I believe I have a correct solution for the problem. Of course I know that division 1 red coders tried it for quite sometime and did not manage to come up with a proved solution so I won't dare give 100 percent guarantee. But anyway I am writing my approach and my proof here. If anyone finds a counter example or mistake in my proof, please tell me so. I am also writing because it could help someone to find a new approach and get a full proved solution. I also know that LLI_E_P_JI_O_K explained his approach in the comments of the announcement post and his solution is looking correct. However, if I had understood correctly, he seemed to have attacked the problem case by case and there may be a little chance that he missed some case. Instead, I used a kind of complete search to solve it.

So, we already know if the segment length is greater than `2*(a+b)`

then the answer will be `a+1`

( if `b>=a`

) or `2*a-b`

(else). Now, if the segment length is smaller than that, first we will find how many `2*(a+b)`

segment has appeared before `l`

-th index. Let there be n such segments. It can be easily shown that Mr B always has a strategy such that he can play through this `2*n*(a+b)`

long string such that from the next index the computer will produce the first a alphabets (which was done initially at the game). So we assume that the game is played by that strategy until the string has `2*n*(a+b)`

length. After that, we have to generate a string that gives minimum number of distinct character for `[l,r]`

range.

The string we generate will have 4*(a+b) length. This will handle all the possible `l`

and `r`

when the segment length is smaller than `2*(a+b)`

So, the computer will have 4 moves and Mr B has 4 moves within this string. Now, the computers move is always dependent on the previous suffix and Mr B has options in his choice of character. So different string can only be generated by varying Mr B's choice. Now, here comes a slight potential drawback in my approach. I believe, its always optimal for Mr B to choose one single character in each of his move. He may select different characters in different moves but when he chooses one character in one of his move he will stick with that character throughout the move to get the best result. (I can't prove this belief. Its just a very strong intuition. Someone is welcome to give a formal proof or give a counter example to this assumption.)

Hence, in each of his 4 moves, Mr B has to choose 4 characters. So in total there can be `26^4`

options for him and therefore we will have at most 26^4 different strings. (This can be further optimized by limiting total characters from 26 to `max(a+1,2*a-b)`

which can be the maximum answer. However, using 26 also runs within the time limit, I tested it.)

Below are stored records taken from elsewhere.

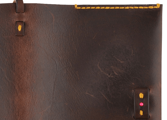 4色のなかでいちばんはっきりとした経年変化をたのしめる無着色のヌメ革、「NATURALE」。人の手に触れるたび、飴色が濃くなり艶が増していきます。ステッチは革の色に馴染むイエロー。刺繍は犬と木のモチーフです。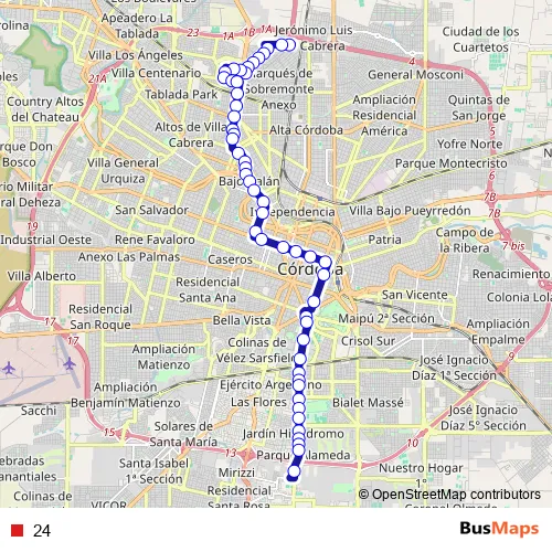 See why over 2 million users trust and consider busmaps.com as the best public transport website. busmaps gives you Cordoba Buses suggested routes, real-time bus tracker, line route maps in Cordoba, and helps to find the closest 24 bus stops near you. No internet available? Download an offline PDF map and bus schedule for the 24 bus to take on your trip.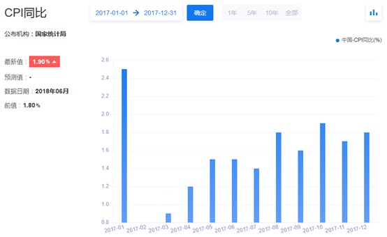 如2017年的CPI同比数据,通胀率水平不超过2.6: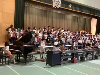 子どもたち同士がお互いに演奏しあい、そして鑑賞しあい音楽を楽しみます。どの学年も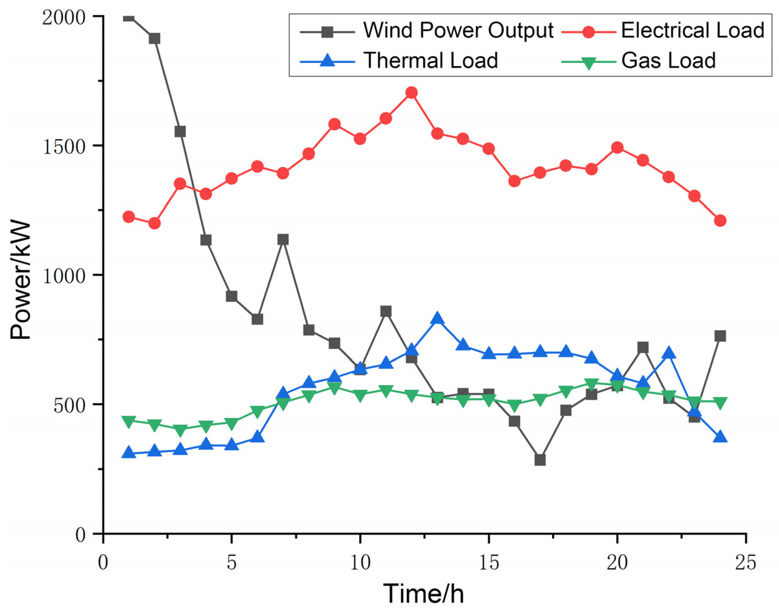 where , , and are the maximum values of the average electricity, heat, and gas prices, respectively, in the whole dispatching cycle; and and are the upper and lower limits, respectively, of the dynamic electricity price.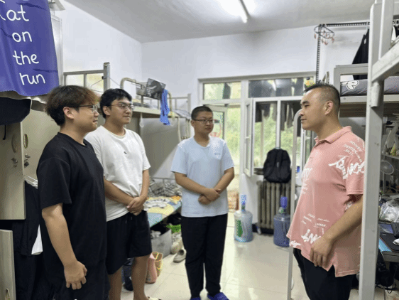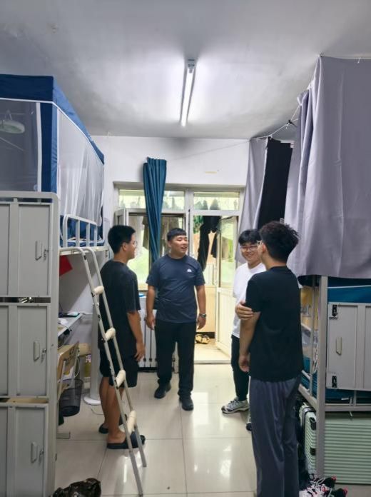 为深入了解师生需求,学院领导与辅导员老师开展多维度走访活动。在教学区域,院领导与任课教师深入交流,针对课程优化、学风建设等问题共商对策;在宿舍区,辅导员逐间走访,关怀学生返校适应情况,重点排查学业困难、经济拮据及心理波动学生,建立“一对一”帮扶台账;军训场上,学院领导与军训教官深入交流,并鼓励大一新生通过军训锤炼意志品质,厚植爱国情怀。系列走访活动拉近了师生距离,为本学期开展精准思政工作打下坚实基础。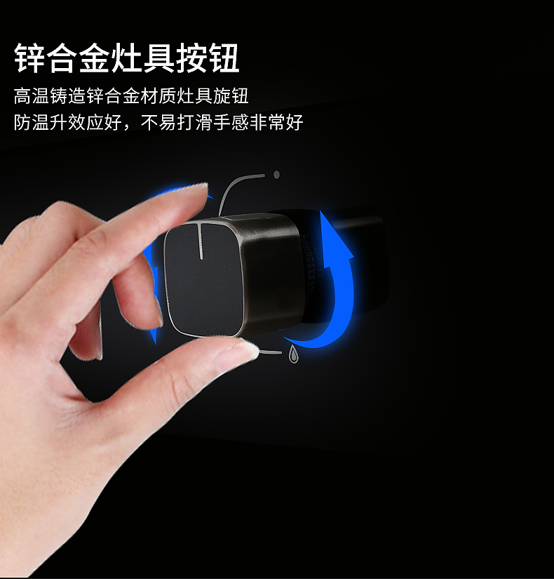 • 鋅合金精鑄材質灶具旋鈕,防溫升效應好,不易打滑手感極佳。
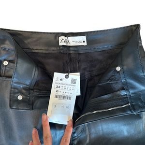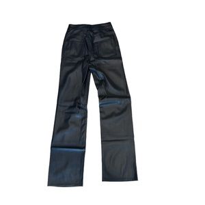 90s full length faux leather trouser. High-waisted with five pockets. Straight leg. Zip fly and metal top button fastening.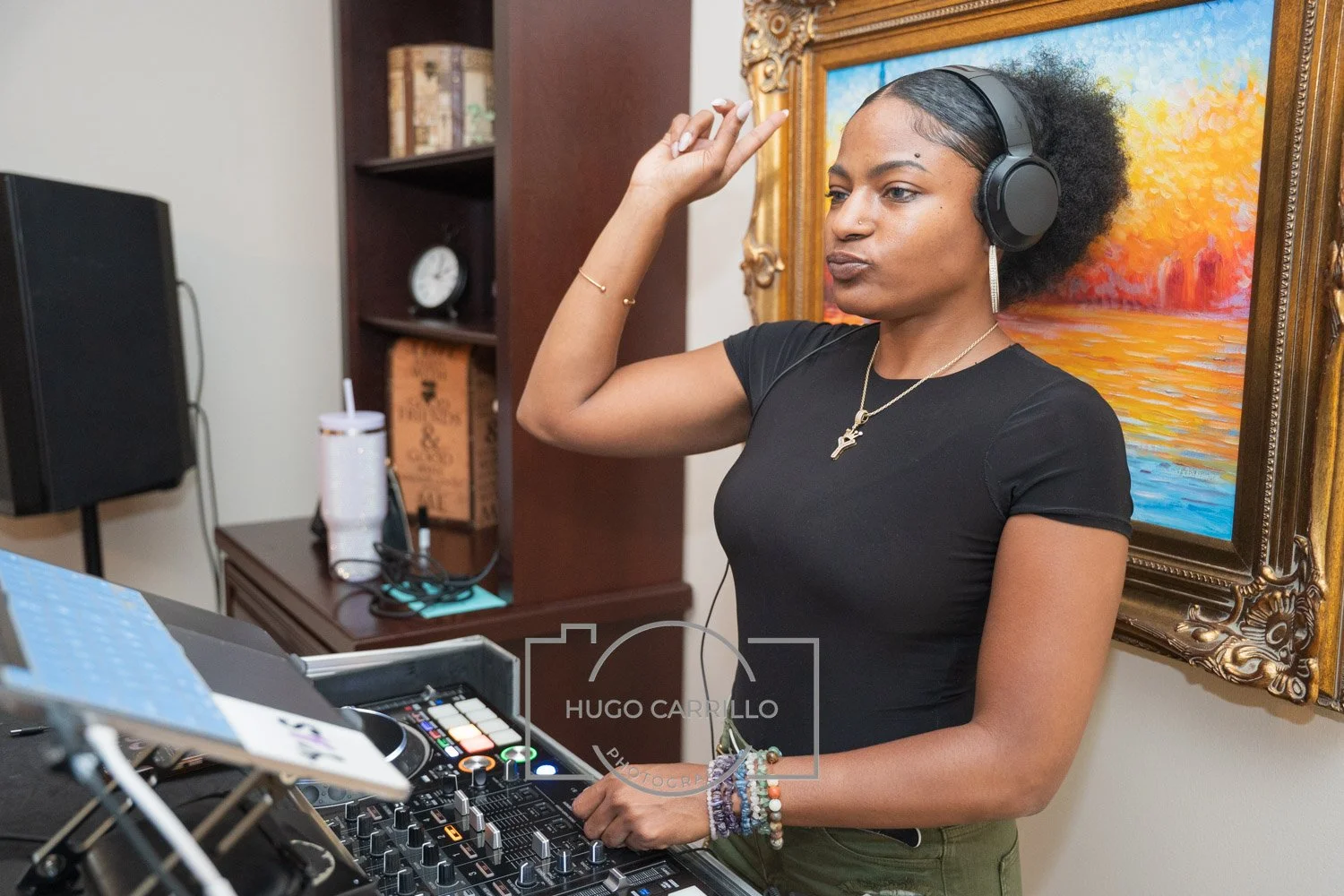A woman DJ wearing headphones, black t-shirt, and multiple bracelets, standing at a DJ console, adjusting equipment with her right hand, in a room with a colorful framed painting and a bookshelf.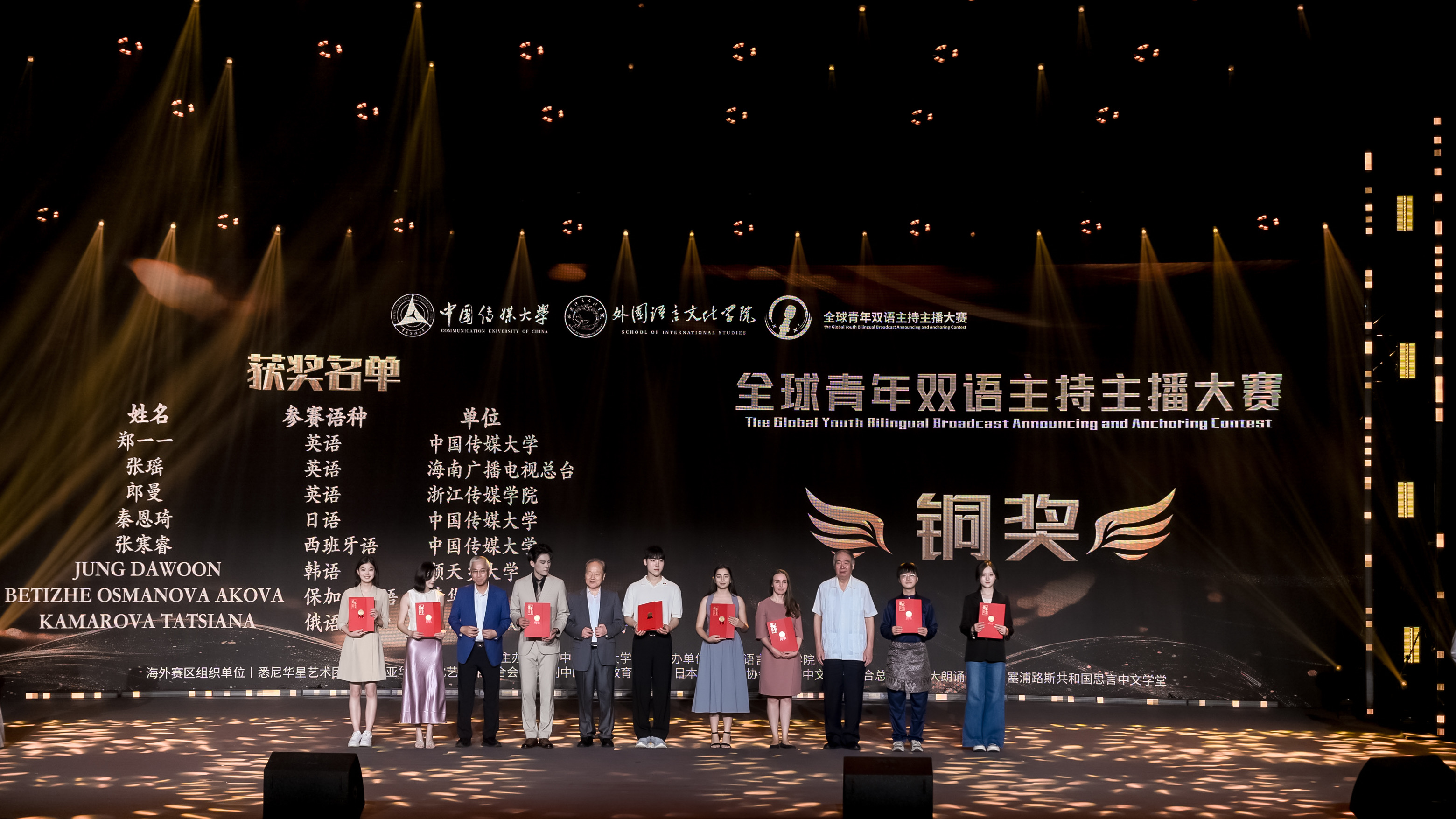 外国语言文化学院负责人及多家知名企事业单位负责人、国际交流领域代表分别为优秀奖、海外最佳潜质奖、最佳单项奖、优秀组织奖的选手和机构颁奖。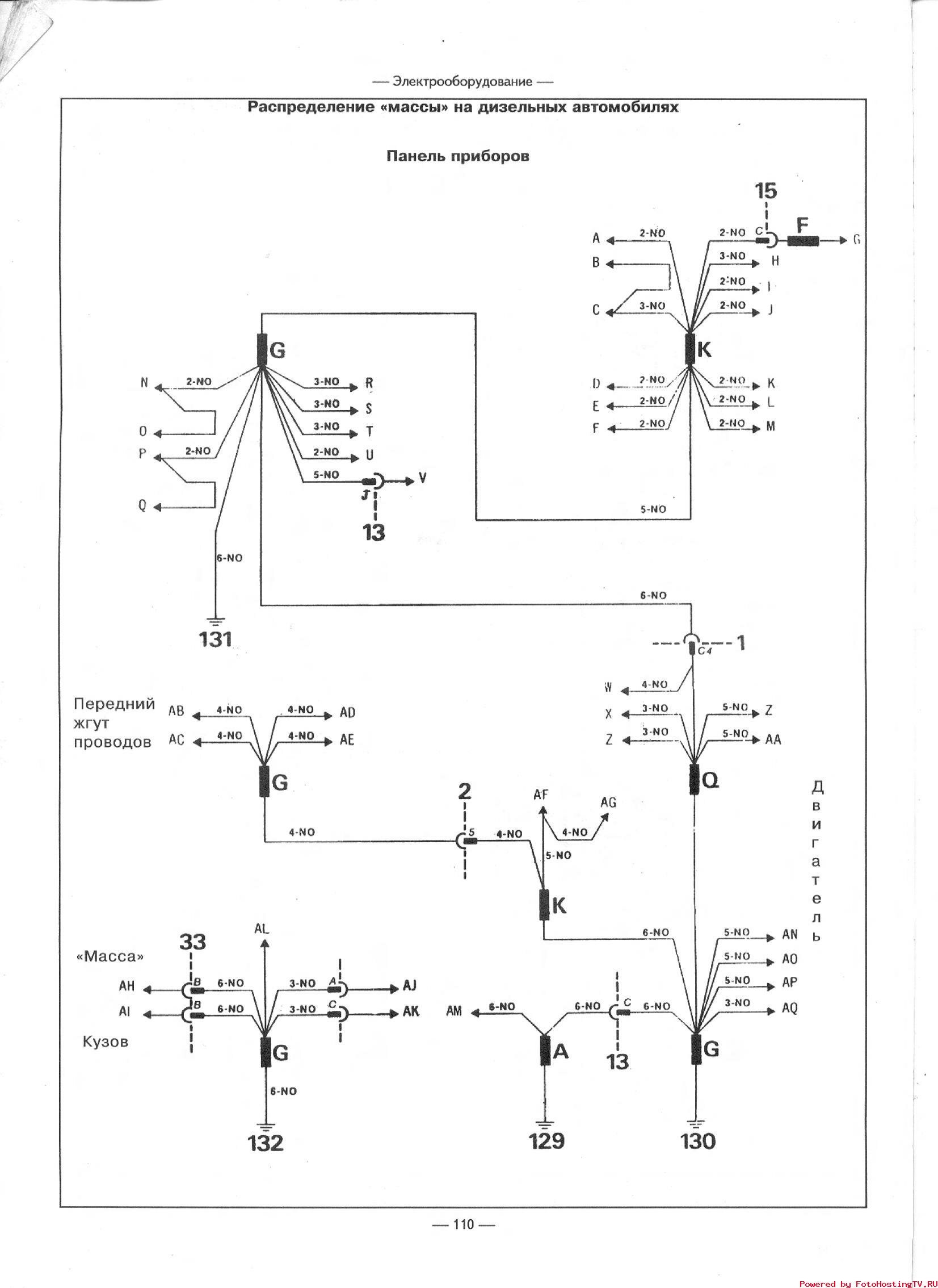 Схема освещения панели приборов и контрольных приборов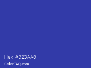 Hex #323aa8 Color is a normal blue color and the nearest color is Governor Bay #2f3cb3. Hex code #323aa8 and RGB value is rgb(50,58,168). In RGB color space, this color is composed of 20% red, 23% green, 66% blue, In CMYK color space, this color is composed of 70% cyan, 65% magenta, 0% yellow , 34% black , In HSL color space, this color has a hue angle of 236° , 54% saturation and 43% lightness.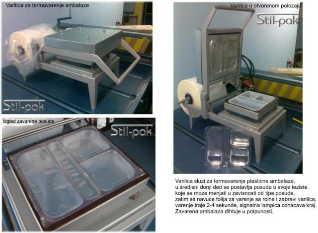 Zatvaranje ambalaze se vrsi uz pomoc namenske varilice za termovarenje ambalaze koju po potrebi izradjujemo za nase kupce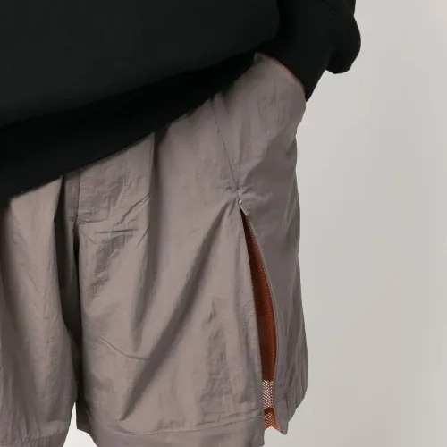 Серый металлик, оранжевый, переработанный полиэстер, дизайн колор-блок, отделка с декоративной молнией, эластичный пояс и два прорезных кармана по бокам.
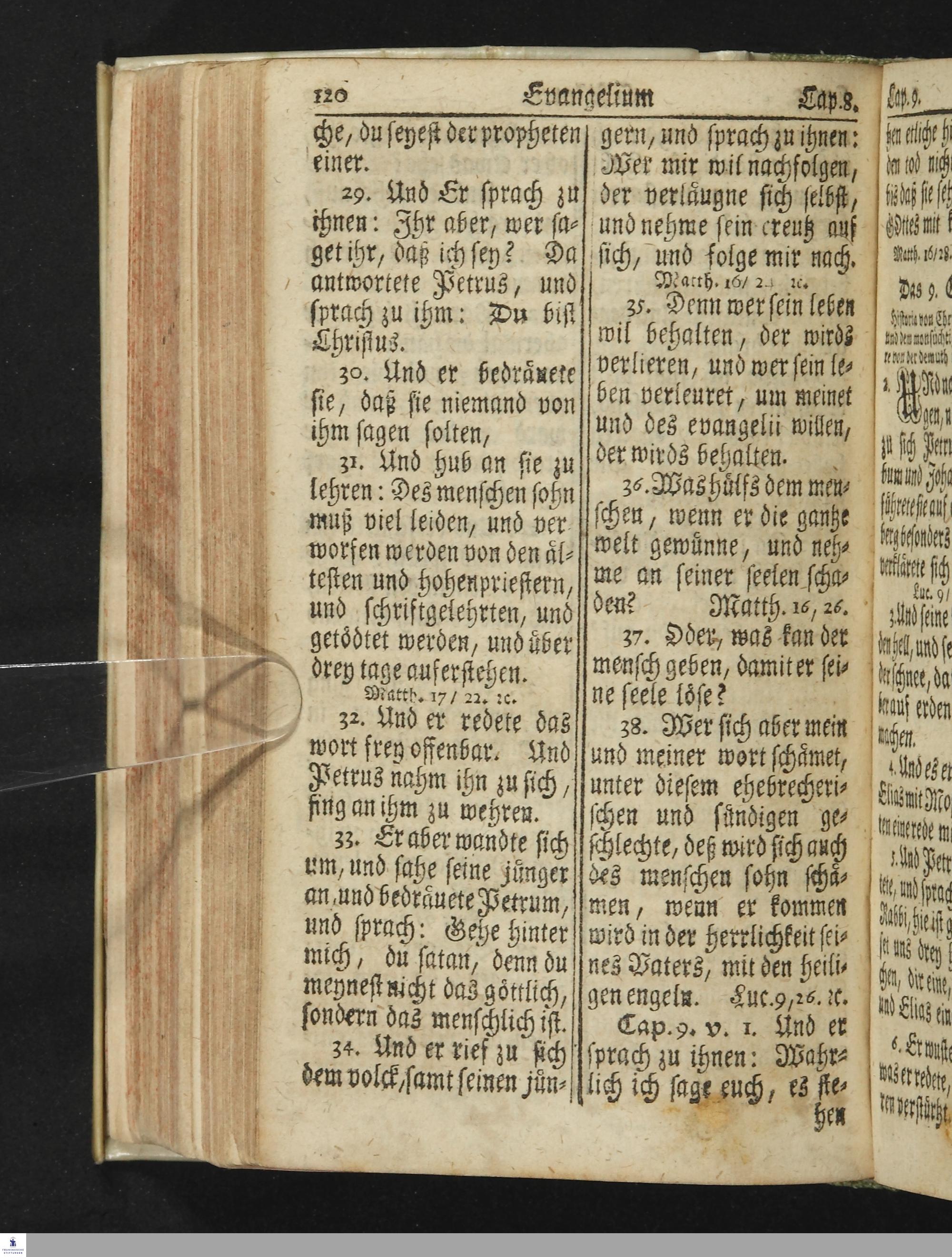 Das Neue Testament Unsers HErrn und Heylandes JEsu Christi / Verteutscht Von D. Martin Luthern, Mit Jedes Capituls kurtzen Summarien Und nöthigsten locis parallelis. Nebst einer Vorrede Hrn. Baron Carl Hildebrand von Canstein.

So, here's how the solution goes: If segment length is greater than `2*(a+b)`

the ans is `a+1`

or `2*a-b`

depending on the value of a and b. Otherwise, the initial string will be the first `a`

characters. So there will be 4 Mr B's moves and 3 computer moves left. So we keep a vector of length 4 which will store Mr B's choices of characters for each of his moves, generate the string by appending Mr B's characters and also computing the computer's move by passing current string to its algorithm. By varying the vector, we will have a total of around `26^4`

strings max. And for each of this string we can count how many distinct characters are there in the range `[l:r]`

and we take the minimum of it.

Here is my AC code: 28108706

Anyone is welcome to share his/her opinion.

Auto comment: topic has been updated by contest_dhuye_pani_khai (previous revision, new revision, compare).what is the complexity of this solution?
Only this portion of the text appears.